1985 collection of short stories by Darrell Schweitzer

Tom O'Bedlam's Night Out and Other Strange Excursions is a collection of dark fantasy short stories by American writer Darrell Schweitzer. It was first published in hardcover and trade paperback by W. Paul Ganley in November 1985. An electronic edition was published by Necon E-Books in December 2012 as no. 20 of its Necon Classic Horror series. The copyright statement of the Necon edition states that it "incorporates the author's final revisions and should be regarded as definitive."

==Summary==
The collection consists of nineteen early works of the author; three tales about legendary madman Tom O'Bedlam followed by two in the far future setting of his novel The Shattered Goddess and collection Echoes of the Goddess and thirteen other stories (one a collaboration with John Gregory Betancourt) and a poem. Most of the pieces were originally published from 1973-1985 in various speculative fiction magazines and anthologies; the remainder are original to the collection.

==Contents==
- "Tom O'Bedlam's Night Out" (from Fantastic v. 26, no. 3, September 1977)
- "Raving Lunacy" (from Amazing Stories v. 55, no. 2, July 1981)
- "Continued Lunacy" (from Amazing Science Fiction v. 56, no. 5, March 1983)
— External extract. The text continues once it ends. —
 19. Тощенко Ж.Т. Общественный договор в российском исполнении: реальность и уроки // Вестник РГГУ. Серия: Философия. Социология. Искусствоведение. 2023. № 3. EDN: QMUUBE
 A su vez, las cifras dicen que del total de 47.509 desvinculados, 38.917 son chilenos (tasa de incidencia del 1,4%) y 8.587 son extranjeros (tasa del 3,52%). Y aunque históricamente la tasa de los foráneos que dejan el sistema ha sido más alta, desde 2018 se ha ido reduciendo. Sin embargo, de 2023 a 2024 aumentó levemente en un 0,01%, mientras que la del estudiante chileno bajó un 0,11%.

- "The Story of a Dadar" (from Amazing Science Fiction Stories v. 56, no. 1, June 1982)
- "A Lantern Maker of Ai Hanlo" (from Amazing Stories v. 58, no. 2, July 1984)
- "The Story of Obbok" (from Whispers no. 2, December 1973)
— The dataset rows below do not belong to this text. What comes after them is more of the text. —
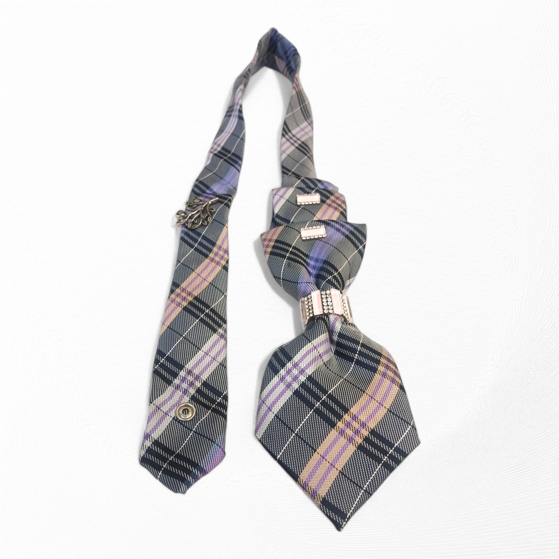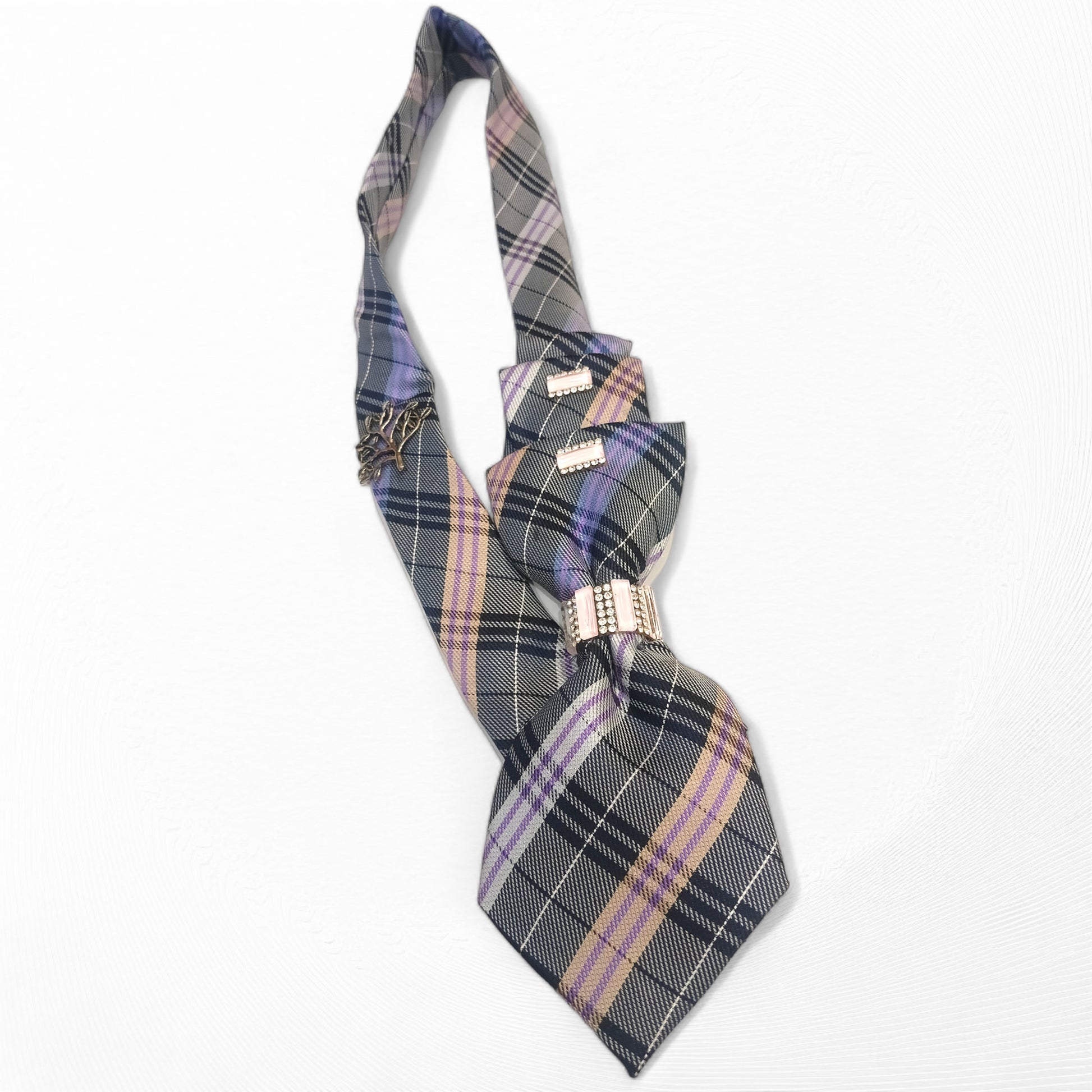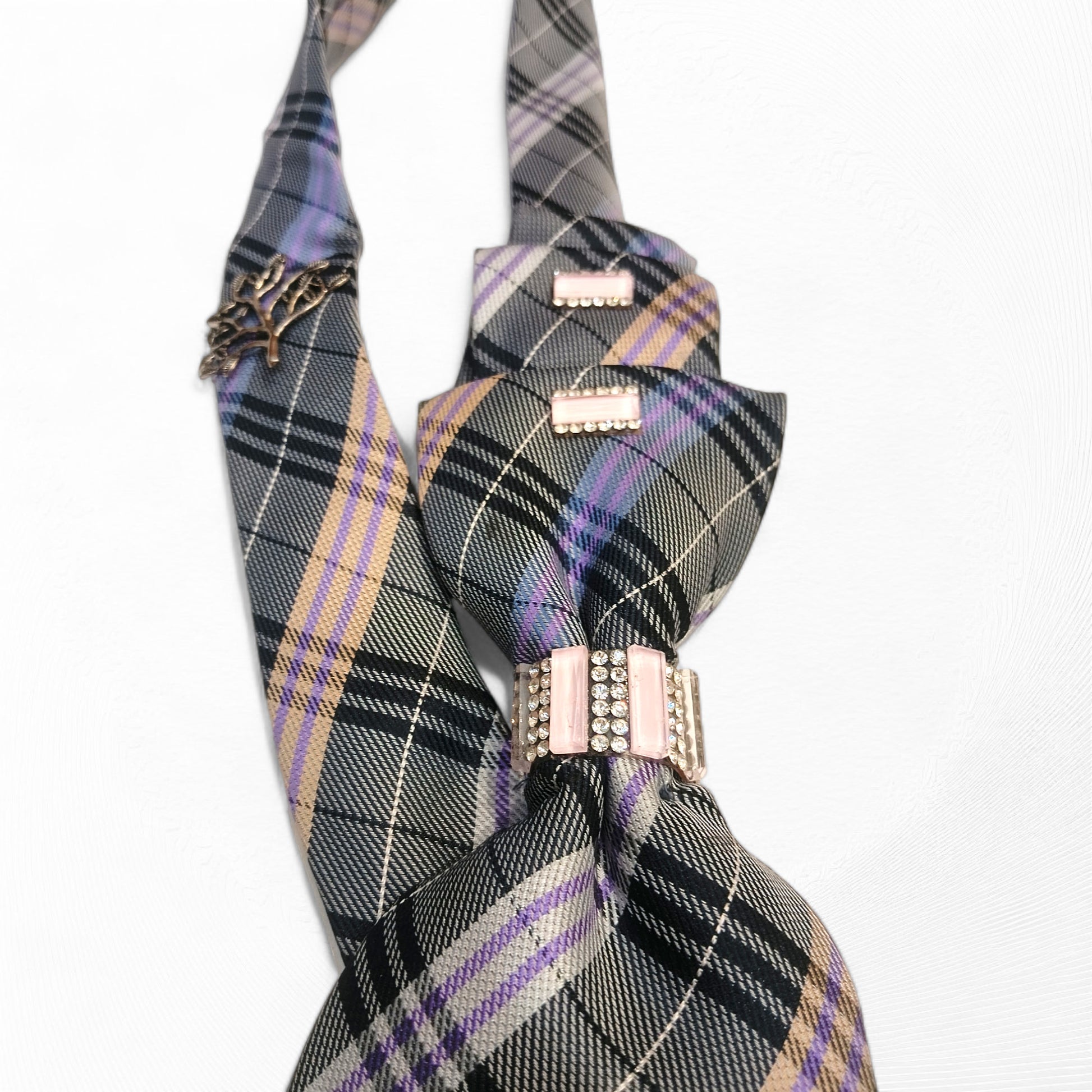 Be a part of revolutionary fashion fusion with our classic style necktie necklace. Meauiful’s Elegant Checkered Necktie Necklace is a unique accessory that is captivating for a fashion-forward wardrobe. The fabric necklace is tailored and made from a tie, appreciating innovation and sophistication. The necktie necklace seamlessly mixes contemporary flair and traditional aesthetics. Our local artisans have handcrafted this Black, Grey and Pink Checkered Necktie Necklace features a playful blend of hues, excluding redefined elegance.
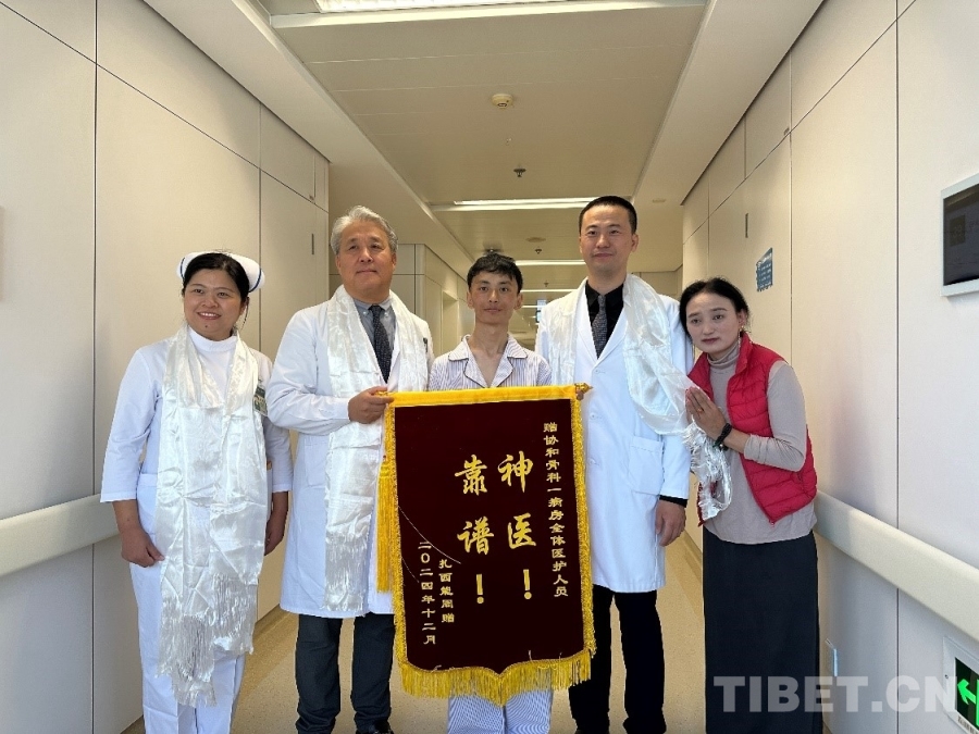 圖為扎西和母親向協和醫(yī)院骨科醫(yī)療團隊贈送錦旗 攝影:楊眉笑
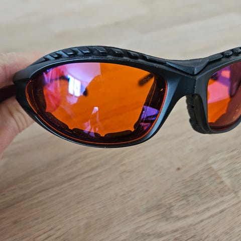 Der er 4 sikkerhedsbriller i alt. Det ene par er brugt en enkelt gang. De andre 3 er fortsat i pose. Den ene pose har været åbnet for billeder.
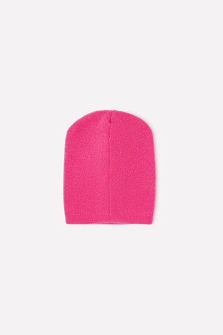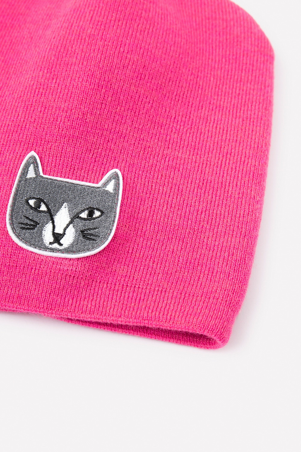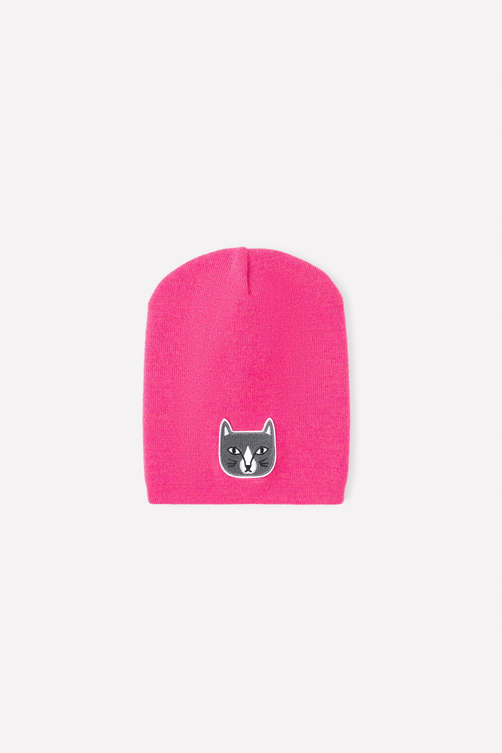 Двойная розовая шапка из полушерсти. Украшена нашивкой с изображением котика.

- "The Outcast" [poem] (from Eerie Country no. 4, 1980)
- "The Pretenses of Hinyar" (from Amra v. 2, no. 69, January 1981)
- "The Story of the Brown Man" (from Fantasy Crosswinds no. 1, January 1977)
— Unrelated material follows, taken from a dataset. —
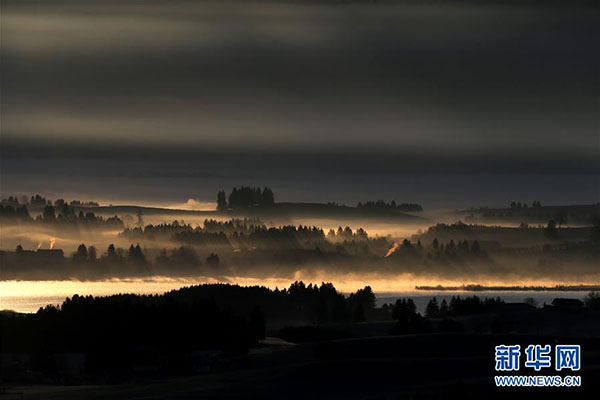 3月16日,在德國南部的柯尼希斯溫克爾,大地在曙光中被薄霧籠罩。 新華社/法新
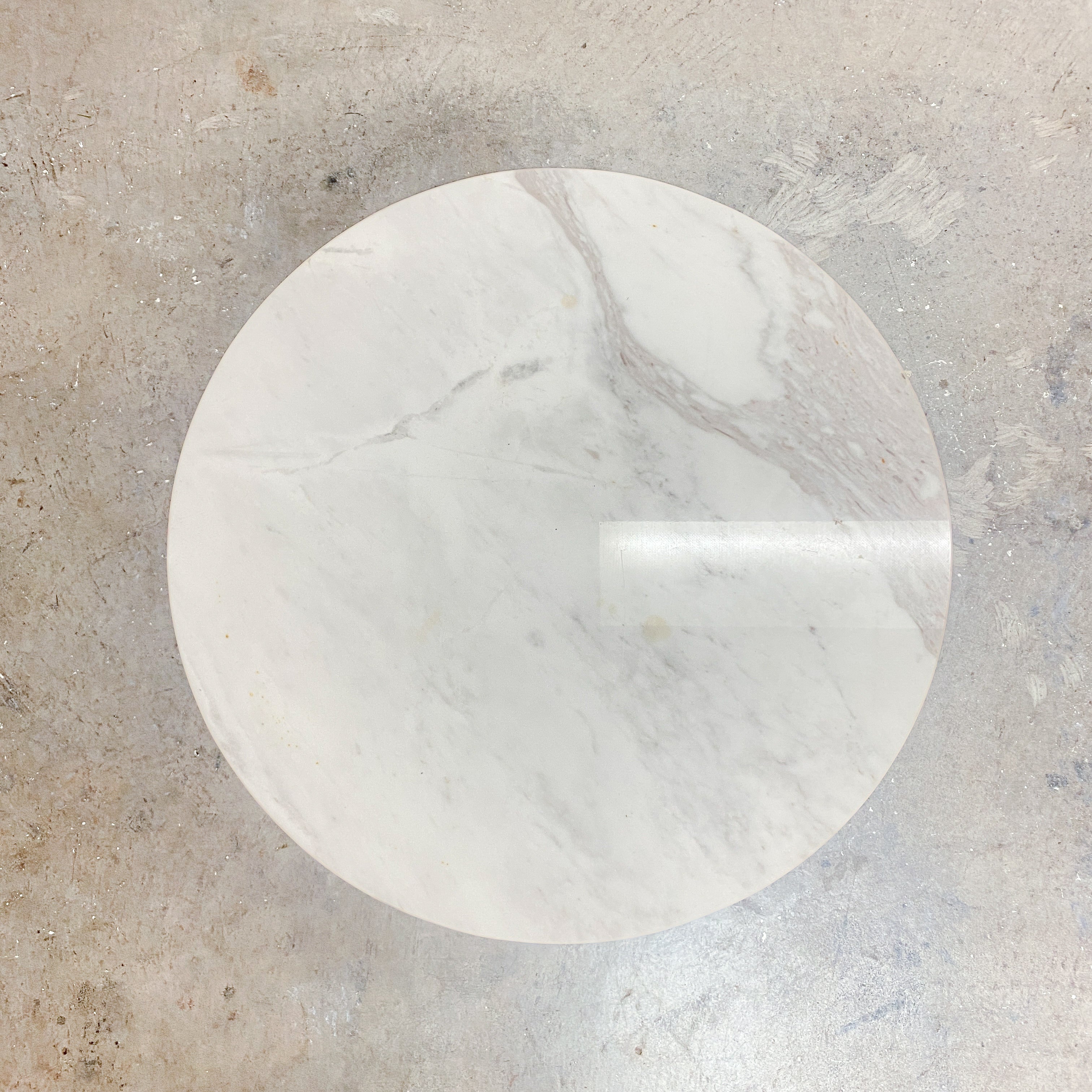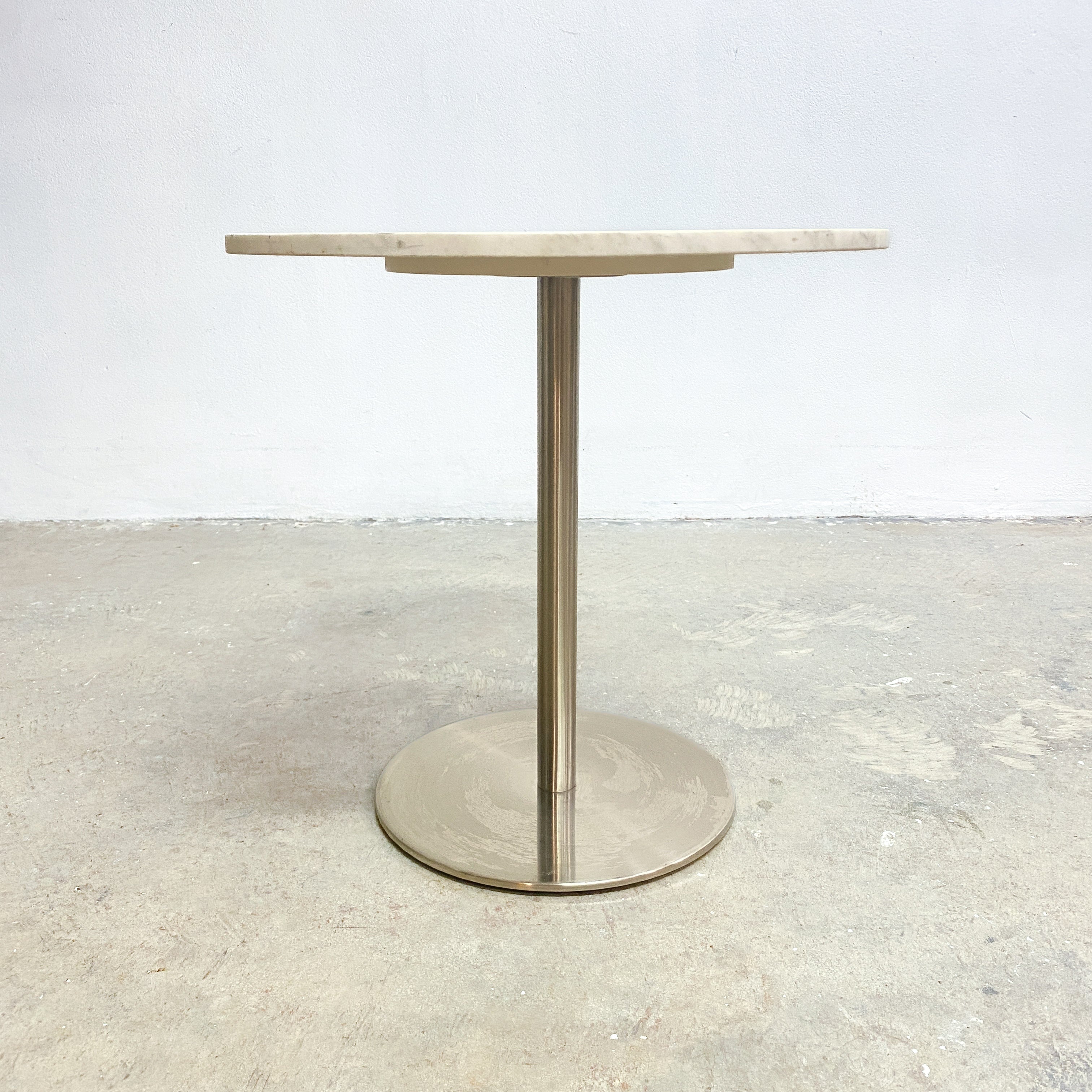 Beautiful marble top contemporary minimalist side table with stainless steel base.

- "The Last of the Shadow Titans" (from Amazing Stories v. 59, no. 2, July 1985)
- "The Stranger from Baal-Ad-Theon"
- "The Bermuda Triangle Explained"
- "The Adventure in the House of Phaon"
- "The Last Child of Masferigon" (with John Gregory Betancourt)
- "A Vision of Rembathene" (from Fantasy Crossroads no. 10/11, March 1977)
- "Jungle Eyes" (from Rod Serling's The Twilight Zone Magazine v. 5, no. 2, May/June 1985)
- "Sunrise" (from Pulpsmith, Winter 1983)
- "The Game of Sand and Fire" (revised from "A Part of the Game" from The Dragon no. 51, 1981)
- "The Wings of the White Bird" (from Myrddin no. 4, 1978)

==Reception==
The collection was reviewed by William F. Touponce in Fantasy Review, June 1986, Neal Wilgus in Science Fiction Review, Winter 1986, John Gregory Betancourt in Fantasy Book, March 1987, and Stefan Dziemianowicz in Crypt of Cthulhu no. 48, St. John's Eve 1987.